Fundamentals of Focal Series Inline Electron Holography

Abstract

Abstract The loss of the quantum phase information in the measurement process constitutes a fundamental limitation to transmission electron microscopy as the electron wave's phase often contains valuable information about the studied specimen. Phase retrieval from focal series is a holographic technique that seeks to recover the lost information from a set of images recorded at different defoci. In spite of its widespread use, especially for wave reconstruction at atomic resolution, a number of fundamental properties (e.g., regarding the conditions for a unique wave function reconstruction) the magnitude of the reconstruction error and the influence of inconsistencies or incomplete data are not well understood. Here, we elaborate on the fundamentals of the technique, making extensive use of the tomographic representation of a focal series as tilt series in phase space. Using this perspective, we discuss, among others, requirements for the focal series for a unique reconstruction, such as the focus interval ranging from the far field at underfocus to the far field at overfocus or the focus step size.
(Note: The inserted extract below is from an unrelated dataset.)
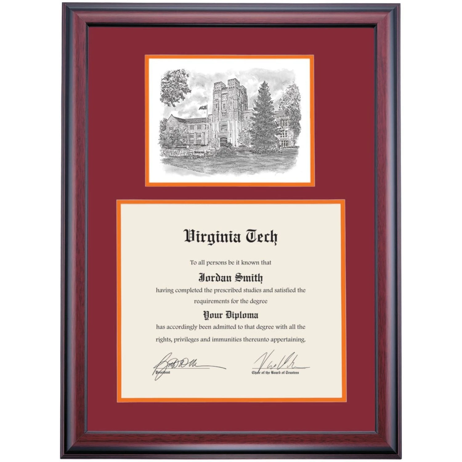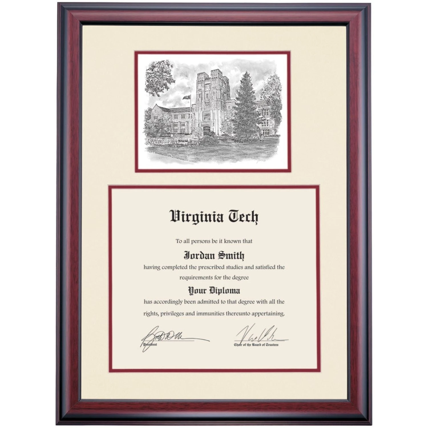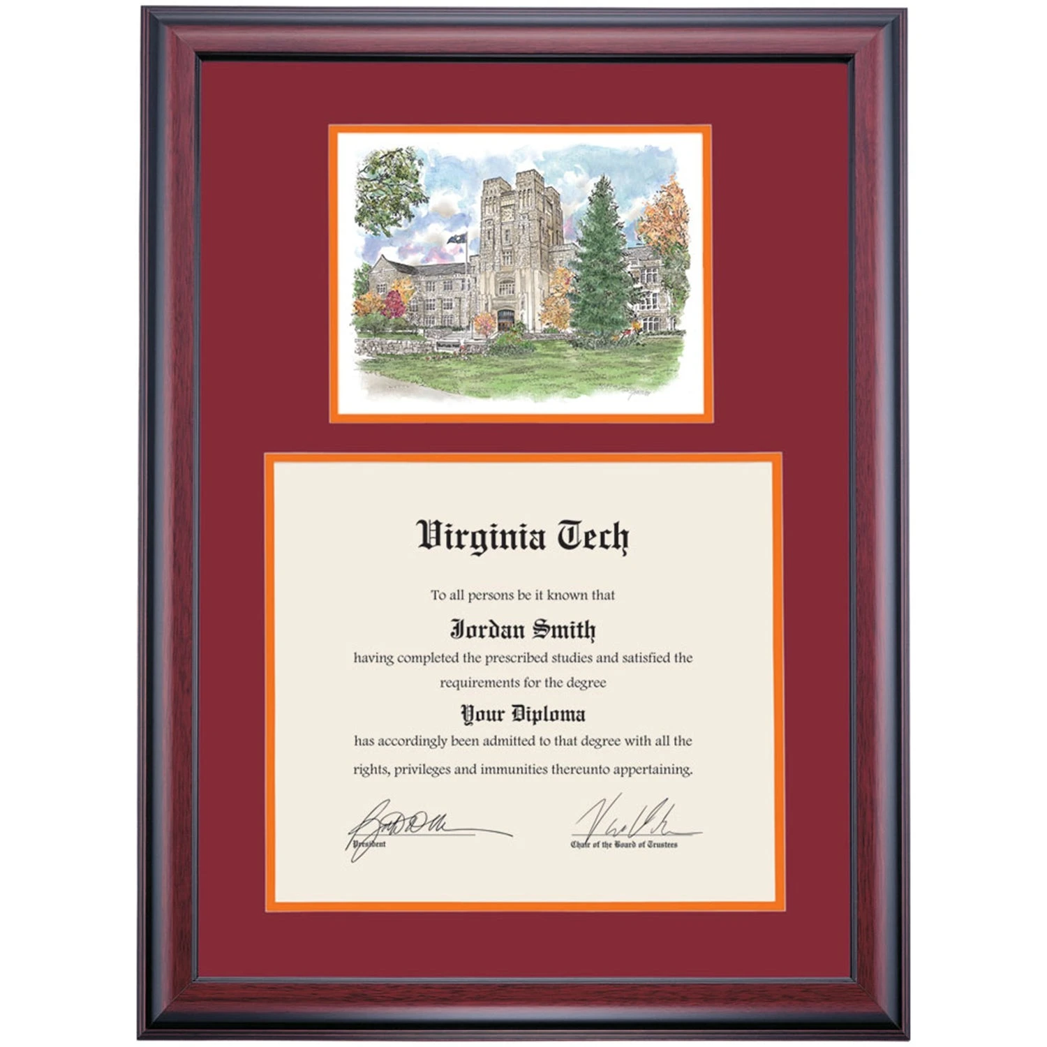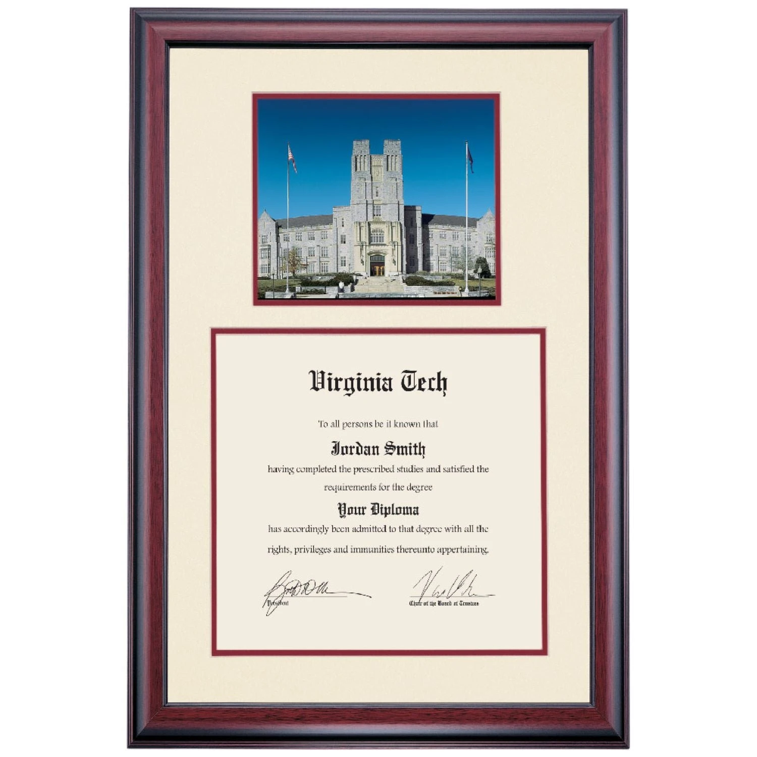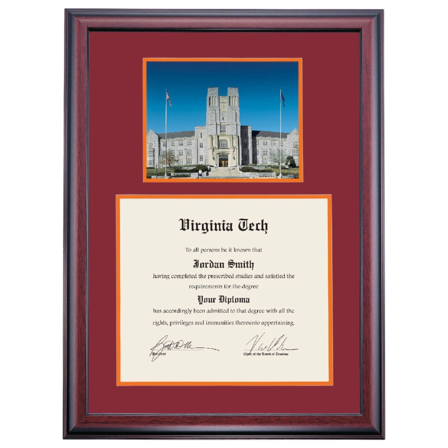 Celebrate your graduation in style with this handcrafted premier diploma frame which includes a Professional Print of Burruss Hall. Custom crafted to fit your Virginia Tech diploma, this frame features accent matting and high quality hardwood moulding.

We reveal that the prominent Gerchberg–Saxton iterative projection algorithm corresponds to a numerical integration of the quantum Hamilton–Jacobi equation in the small focus step limit. Moreover, we show that the topology of the starting guess divides the solution space of the Gerchberg–Saxton algorithm into equivalence classes, which mitigates the impact of the incompleteness of typical focal series data. To facilitate a focal series reconstruction meeting these theoretical requirements, such as the long range focus interval, we develop a dedicated calibration procedure facilitating the determination of unknown electron optical parameters such as the focal length of the principal imaging lens or the position of object and image planes. The findings are demonstrated with an example of a focal series reconstruction of an electron vortex beam.